Beş yıllık Kalkınma Planı hazırlanarak planlı ekonomiye
geçildi.(Devlet eliyle)
•
1934-1939 yıllan arasında plan uygulandı ve
özel sektörün yapamadığı işler devlet eliyle yapılmaya başladı. Bu
amaçla dokuma, demir, kağıt, cam, kimya alanında bir çok fabrika
açıldı.
•
II. Beş yıllık
Kalkınma planı ise II. Dünya
Savaşından dolayı uygulanamamış. Bu savaş devletçilik ilkesinin
uygulanmasına da engel olmuştur.
•
1933'te Sümerbank, 1935'te Etibank ve MTA
Enstitüsü 1939'da Karabük Demir-çelik Fabrikası açılarak sanayide
devletçilik ilkesi iyice yerleşmiştir.
CUMHURİYET DÖNEMİ İÇ POLİTİK GELŞMELER
Vagon-Li Olayı :
Vagon-li isimli bir Fransız şirketinin Türkiye'deki bürolarında
Fransızca konuşma zorunluluğu olması Türk halkı tarafından tepkiyle
karşılandı. Bir gün şirketten bir memura Türkçe konuştuğu için
hakaret edilmiş,ceza verilmiştir.Bu olayın duyulması üzerine olaya
gençlik tepki göstermiş, şirkette bulunan Atatürk resmi alınarak
halk evine teslim edilmiştir.(25 Şubat 1933). Olay Türk ulusunun
diline sahip çıkması yönünden önemlidir.
Razgard Olayı (1933):
Bulgaristan'da Türk'lerin mezarlarının yağmalanması üzerine
Türk gençliği olayı protesto ederek Bulgar mezarlığına siyah çelenk
koyar.
Atatürk'e İkinci Suikast (1935)
: Ekim 1935'te Çerkez Ethem ve kardeşi Atatürk'e suikast
düzenlemek amacı ile yetiştirdikleri 5 kişiyi gizlice yurda sokar.

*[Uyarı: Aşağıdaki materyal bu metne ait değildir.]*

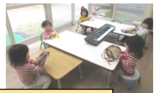
りす組さん 楽器遊び♪

・新型コロナウイルス、インフルエンザ等の感染症予防を家庭でも心がけていきましょう。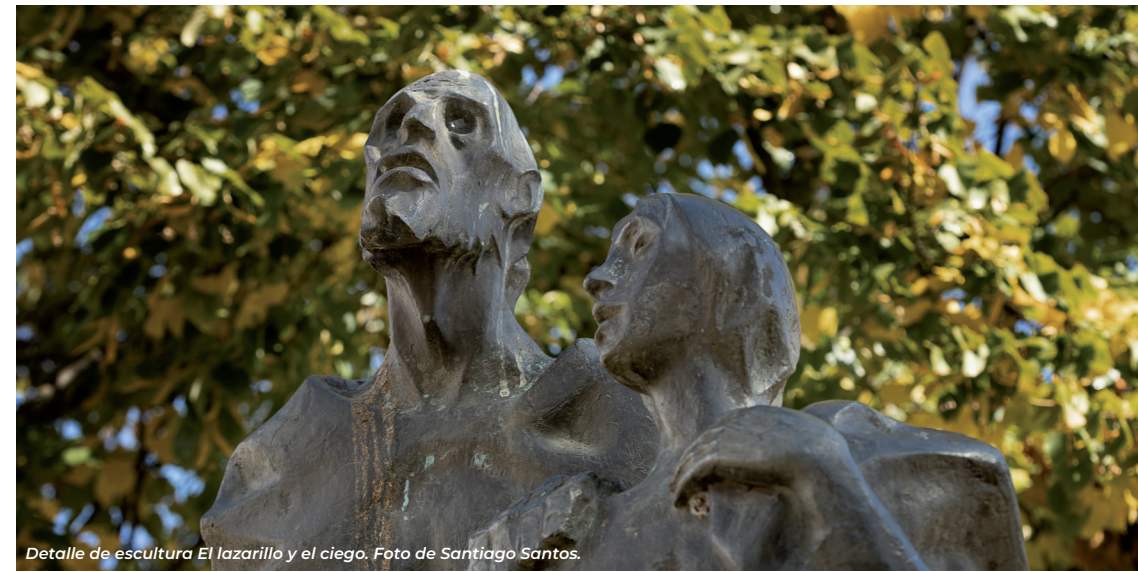
Detalle de escultura El lazarrillo y el ciego.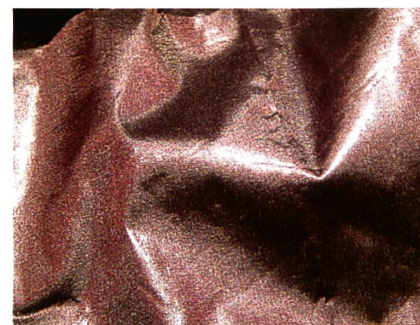
Abb. 1: Neue metallische Oberflächen

Bei der shape-collection nimmt sich Schoeller die Natur zum Vorbild: Entstanden sind technisch hoch anspruchsvolle Nachbildungen von Schlangenhautmustern und andere feine Stoffstrukturen, die Bilder aus der Natur imitieren. Die elastischen und unelastischen Stoffe eignen sich für Hosen und Jacken. Andere shape-Neuheiten setzen softe und elegante Akzente durch Velours-Innenseiten; dazu kommen edles Baumwolldesign sowie interessante Bi-Color- und Denim-Strukturen.

Bu kişilerden biri yakalanınca olay öğrenilir. Üniversite gençliği
olayı kınamak için büyük bir gösteri yapar. Türk gençliğinin M.

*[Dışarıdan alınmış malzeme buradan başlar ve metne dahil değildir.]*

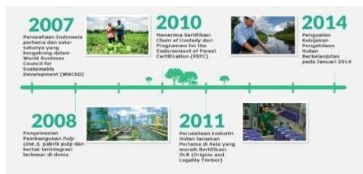
Gambar 1. 3 Perkembangan PT. Riau Andalan Pulp and Paper Tahun 2007-2011 (sumber: aprilasia.com, 2015)

Pada tahun 2003, satu dekade setelah perusahaan didirikan, Grup APRIL menerbitkan Laporan Berkelanjutan perusahaan yang pertama, berisikan inisiatif pengembangan masyarakat beserta komitmennya untuk operasional kehutanan yang berkelanjutan. Pada tahun yang sama, Grup APRIL mendirikan cabang di Guangzhou untuk mendukung perkembangan operasional perusahaan di Tiongkok. Pada tahun 2005, Grup APRIL memperkenalkan sistem penilaian atas Nilai Konversi Tinggi (HCV) secara sukarela di daerah konsesinya untuk perencanaan penggunaan lahan. Kebijakan ini memberikan solusi praktik dan bertanggung jawab terhadap tantangan penggunaan lahan. Kebijakan ini memberikan solusi praktis dan bertanggung jawab terhadap tantangan penggundulan hutan dan degradasi. APRIL juga mendirikan APRIL Learning Institute dan memperoleh peringkat yang layak ( Green Proper Rating ) untuk kinerja lingkungan pabrik serta Penghargaan Bendera Emas & Bebas Kecelakaan ( Golden Flag Choice & Zero Accident Award ) untuk manajemen kesehatan dan keselamatan pabrik dari Pemerintah Indonesia.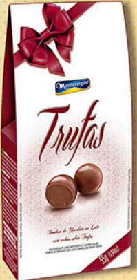
Cód: 2761 Bombom Trufas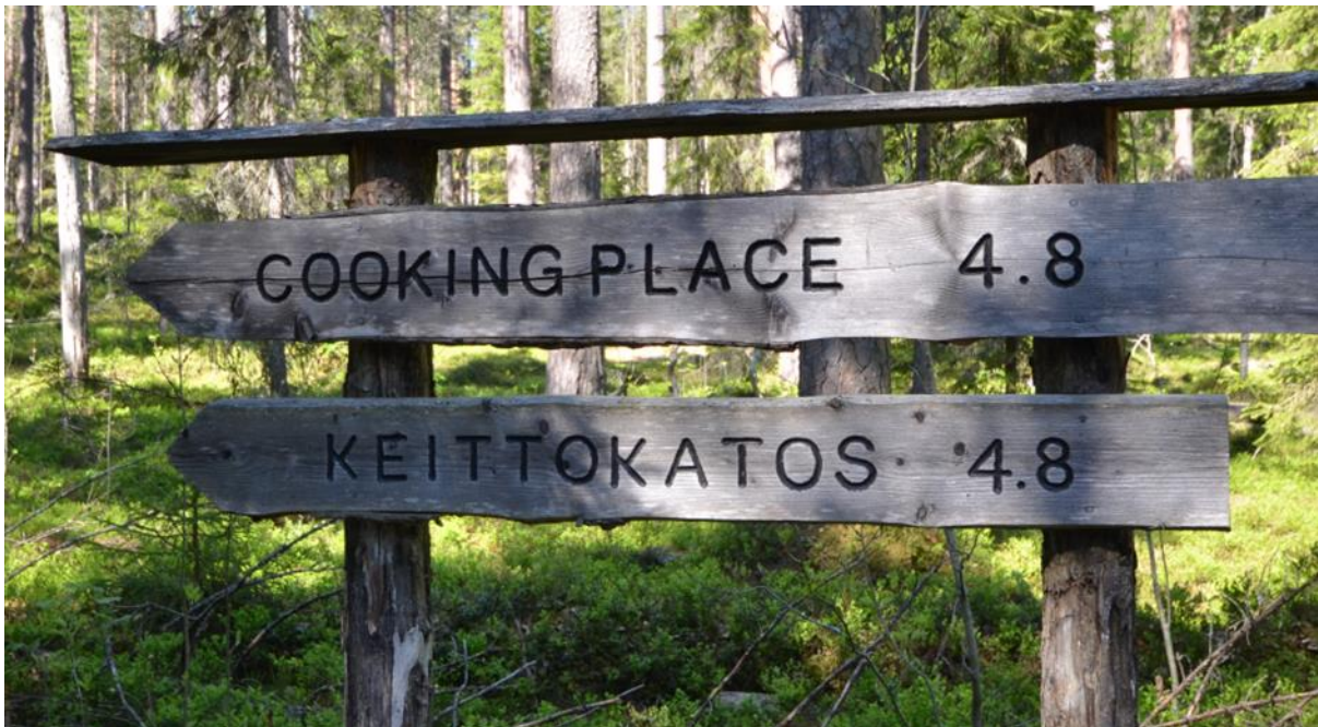
Kuva 9 Englanninkielisten termien kirjoitusasujen tarkastaminen

Kemale bağlılığını gösteren bir olaydır.
Bursa Olayı (1 Şubat 1933)
: M. Kemal Türkçe'ye önem vermiş ve 1930'dan başlayarak
Türkçe'yi bilim-kültür dili haline getirmeye çalışmıştır. Bu amaçla
İsmet İnönü'nün isteğiyle 1 Şubat 1933'te Bursa Ulu Cami'de ezan ve
kamet Türkçe okunmuştur. Halkın bir kısmının olaya tepkisi üzerine
olay büyümeden önlenmiştir.
Tunceli Olayları:
1937 ilkbaharında Cumhuriyet Hükümeti Tunceli'ye yol, okul, karakol
yapımı gibi imar faaliyetlerine başlar.Bölgedeki bazı aşiret
reisleri bu faaliyetleri kendi çıkarları doğrultusunda
beğenmedikleri için ayaklanırlar. Ayaklanma kısa sürede bastırılır.